Please restate, word for word, the lines below that begin at the one with "Wenn Luxus eine" and end at the one with "Houten fiets met tekst". Leave out all other lines.

# Materials provided
----
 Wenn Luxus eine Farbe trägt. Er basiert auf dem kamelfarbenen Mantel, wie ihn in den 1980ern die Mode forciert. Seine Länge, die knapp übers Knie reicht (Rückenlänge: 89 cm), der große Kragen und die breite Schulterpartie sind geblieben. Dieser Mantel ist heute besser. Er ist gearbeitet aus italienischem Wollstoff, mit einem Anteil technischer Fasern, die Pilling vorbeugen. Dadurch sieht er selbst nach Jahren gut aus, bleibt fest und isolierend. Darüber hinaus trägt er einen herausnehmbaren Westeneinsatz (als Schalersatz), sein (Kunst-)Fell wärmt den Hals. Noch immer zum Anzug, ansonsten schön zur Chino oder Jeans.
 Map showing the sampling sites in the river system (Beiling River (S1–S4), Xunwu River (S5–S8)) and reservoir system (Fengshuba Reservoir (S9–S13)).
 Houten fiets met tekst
----
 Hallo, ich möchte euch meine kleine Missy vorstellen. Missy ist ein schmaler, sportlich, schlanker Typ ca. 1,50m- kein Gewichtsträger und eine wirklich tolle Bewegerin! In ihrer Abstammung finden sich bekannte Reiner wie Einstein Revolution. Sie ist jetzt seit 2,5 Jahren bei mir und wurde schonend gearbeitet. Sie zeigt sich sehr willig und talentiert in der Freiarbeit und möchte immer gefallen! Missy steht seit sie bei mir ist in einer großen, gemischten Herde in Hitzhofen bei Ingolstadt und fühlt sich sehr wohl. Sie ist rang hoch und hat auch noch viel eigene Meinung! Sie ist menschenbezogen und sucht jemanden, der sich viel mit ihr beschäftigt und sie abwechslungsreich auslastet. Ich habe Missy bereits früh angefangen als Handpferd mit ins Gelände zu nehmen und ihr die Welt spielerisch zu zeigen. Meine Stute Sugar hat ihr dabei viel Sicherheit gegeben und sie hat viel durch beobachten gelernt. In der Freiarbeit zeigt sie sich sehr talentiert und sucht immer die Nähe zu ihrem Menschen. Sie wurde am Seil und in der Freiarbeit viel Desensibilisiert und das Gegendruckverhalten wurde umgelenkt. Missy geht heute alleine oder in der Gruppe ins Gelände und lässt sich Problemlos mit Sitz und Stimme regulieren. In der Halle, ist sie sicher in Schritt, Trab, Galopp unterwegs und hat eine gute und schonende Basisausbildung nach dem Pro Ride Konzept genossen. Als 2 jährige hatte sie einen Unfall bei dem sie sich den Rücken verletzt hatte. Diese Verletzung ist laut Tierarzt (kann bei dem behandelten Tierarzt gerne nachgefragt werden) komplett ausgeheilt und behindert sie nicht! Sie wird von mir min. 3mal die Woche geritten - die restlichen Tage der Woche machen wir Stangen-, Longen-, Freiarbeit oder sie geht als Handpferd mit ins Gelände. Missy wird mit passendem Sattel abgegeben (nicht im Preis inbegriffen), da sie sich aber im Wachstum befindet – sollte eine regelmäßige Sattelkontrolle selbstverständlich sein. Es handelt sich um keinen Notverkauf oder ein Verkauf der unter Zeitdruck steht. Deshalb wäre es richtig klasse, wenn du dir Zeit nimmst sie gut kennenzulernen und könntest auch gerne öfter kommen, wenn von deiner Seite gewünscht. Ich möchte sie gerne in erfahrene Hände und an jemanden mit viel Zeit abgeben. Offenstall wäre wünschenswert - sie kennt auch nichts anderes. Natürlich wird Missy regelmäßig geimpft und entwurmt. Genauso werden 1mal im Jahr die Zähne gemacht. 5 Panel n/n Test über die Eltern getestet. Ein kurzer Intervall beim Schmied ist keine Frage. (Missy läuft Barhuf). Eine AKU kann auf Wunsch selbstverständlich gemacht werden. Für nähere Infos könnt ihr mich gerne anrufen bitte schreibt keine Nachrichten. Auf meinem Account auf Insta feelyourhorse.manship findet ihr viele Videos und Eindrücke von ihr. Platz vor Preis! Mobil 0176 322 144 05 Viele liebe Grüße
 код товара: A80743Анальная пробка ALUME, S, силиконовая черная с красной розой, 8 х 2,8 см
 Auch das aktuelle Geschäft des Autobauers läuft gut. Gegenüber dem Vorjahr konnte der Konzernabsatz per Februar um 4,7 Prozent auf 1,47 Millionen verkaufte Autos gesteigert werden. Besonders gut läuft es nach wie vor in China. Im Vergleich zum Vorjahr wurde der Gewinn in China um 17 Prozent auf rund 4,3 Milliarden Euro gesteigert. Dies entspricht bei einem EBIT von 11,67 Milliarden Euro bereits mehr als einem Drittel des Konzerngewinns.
----
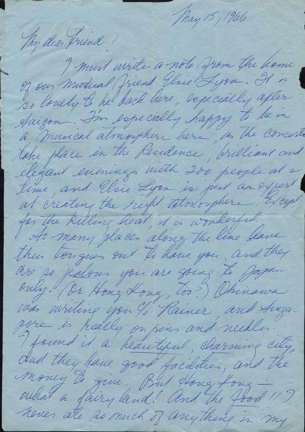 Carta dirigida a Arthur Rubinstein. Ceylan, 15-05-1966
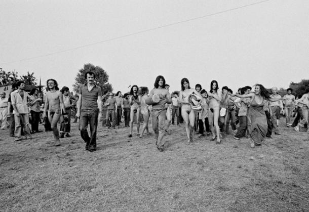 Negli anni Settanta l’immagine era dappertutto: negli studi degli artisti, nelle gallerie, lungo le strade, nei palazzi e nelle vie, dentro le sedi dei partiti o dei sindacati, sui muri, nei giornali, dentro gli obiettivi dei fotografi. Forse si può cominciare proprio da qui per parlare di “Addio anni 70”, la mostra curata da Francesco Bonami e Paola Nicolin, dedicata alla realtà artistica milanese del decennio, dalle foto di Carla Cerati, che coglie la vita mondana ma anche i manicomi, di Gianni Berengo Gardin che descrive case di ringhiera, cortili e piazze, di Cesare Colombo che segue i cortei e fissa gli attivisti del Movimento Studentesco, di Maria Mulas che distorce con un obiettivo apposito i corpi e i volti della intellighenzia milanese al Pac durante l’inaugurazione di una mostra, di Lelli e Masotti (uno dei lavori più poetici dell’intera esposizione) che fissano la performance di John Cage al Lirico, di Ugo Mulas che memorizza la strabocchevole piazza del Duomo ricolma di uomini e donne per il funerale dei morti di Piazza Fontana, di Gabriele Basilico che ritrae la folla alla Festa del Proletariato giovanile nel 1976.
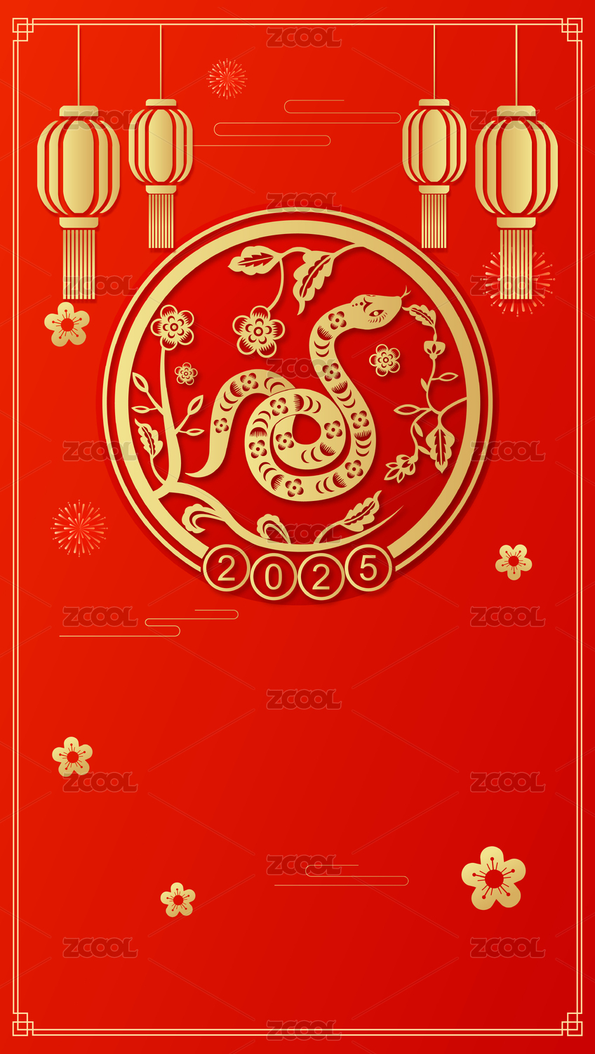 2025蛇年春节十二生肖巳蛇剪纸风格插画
----
# Result
 Wenn Luxus eine Farbe trägt. Er basiert auf dem kamelfarbenen Mantel, wie ihn in den 1980ern die Mode forciert. Seine Länge, die knapp übers Knie reicht (Rückenlänge: 89 cm), der große Kragen und die breite Schulterpartie sind geblieben. Dieser Mantel ist heute besser. Er ist gearbeitet aus italienischem Wollstoff, mit einem Anteil technischer Fasern, die Pilling vorbeugen. Dadurch sieht er selbst nach Jahren gut aus, bleibt fest und isolierend. Darüber hinaus trägt er einen herausnehmbaren Westeneinsatz (als Schalersatz), sein (Kunst-)Fell wärmt den Hals. Noch immer zum Anzug, ansonsten schön zur Chino oder Jeans.
 Map showing the sampling sites in the river system (Beiling River (S1–S4), Xunwu River (S5–S8)) and reservoir system (Fengshuba Reservoir (S9–S13)).
 Houten fiets met tekst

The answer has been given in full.